Bourdain speaks at length about his own past drug use, tracing it back to a formative early-'70s summer in Provincetown, Massachusetts. As Bourdain walks viewers by his old beach house and former summer haunts, he wonders aloud: "What the hell happened?" How did the region become "ground zero" for the current heroin epidemic? In between talks with former dealers and a session at the Recover Project, Bourdain also finds time to board a Massachusetts scallop boat, go bowling, and attend an old-fashioned clambake, straddling the lines between waning traditions and emerging problems.

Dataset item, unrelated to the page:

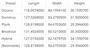 Hitboxes that are used in different car bodies are quite important to consider. Different hitbox shapes can determine how your gameplay is affected and a certain hitbox could be more useful to perform a specific trick. Below is a table giving you a bit more information behind the hitboxes that each car possesses, to give you an idea of the length, width and height of each. Remember all three of these factors are important in their own ways.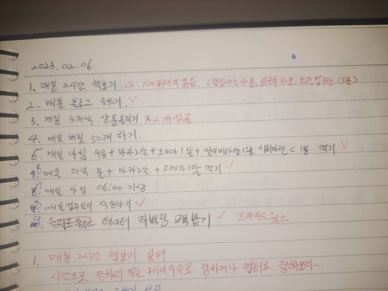 내가 적은 2월 6일에 할 일들 이였다. 이걸 다 했을까? 아니다~! 그전에 뭘 해야 한다고 했는지 볼까? 참 못났다, 기상시간과 물 마시는 거 비타민 먹는 거 적었다. 하지만 난 창피하지 않다. 대다수의 사람들이 거창한 거 써놓고 안 지키는 것보다 이런 것부터 지켜나가는 내가 더 낮다고 생각하니까.

Here now, in the tradition of the Quotable Bourdain, the best lines from the episode.
1) On the site of all his indiscretions: "I love the beach. I pretty much had my first everything on a beach. You name it — first time I did it — beach."
2) On spending his younger days working at the beach: "It's an amazing spot, if you think about it: a bunch of knuckleheads working as dishwashers, waiters, pizza servers, that you could live on a beach like this. Happier, stupider times."
3) On sonic memories: "If you put on Marvin Gaye right now, I'd burst into tears."
4) On the aura surrounding Provincetown, Massachusetts: "Provincetown: a wonderland of tolerance with a longtime tradition of accepting artists, writers, the badly behaved, the gay, the different. It was paradise. The joy that can only come with the absolute certainty that you were invincible; that none of the choices that you'd make would have any repercussions or any effect on your later life. We didn't think about those things."
5) On his former haunt, the Lobster Pot: "My friends worked in the kitchen here, starting the tradition among my set that cooking work was noble toil."
6) On P-Town's Atlantic House, the oldest operating gay bar in the country: "Everybody has come through these doors, so to speak: Most notably, a naked and frolicking Tennessee Williams."
7) On his familiarity with fishing boats: "I'm sure I'll be fine. I've watched the Deadliest Catch."
8) On the diminishing returns for full-time fishermen: "The payout ain't much. Do the math: A good day of scalloping brings in, say, 9,000 bucks. From that $9,000, take away $3,000 for the lease, a thousand for fuel, and split the remainder amongst the crew."
9) On the satisfaction of "earning" his meal: "As brawny, hardworking men of the sea, we deserve these beers, these finest of all oysters, the Wellfleets."
10) On downing shots of booze with a crew of fishermen: "This is going to end badly."
11) On the temptations of Provincetown: "That was the Sodom-and-Gommorah-by-the-Sea over there, a big candy store for a horny, stupid, 17-year-old with a taste for chemicals."
12) On his former despondent life outlook: "It came as a rude surprise to me when I turned 30, cause I always sort of figured I'd be dead by then."
13) On his patrol car ride, to his police officer host: "[Miami Vice's] Sonny Crockett gets a Ferrari. What's wrong with this picture?"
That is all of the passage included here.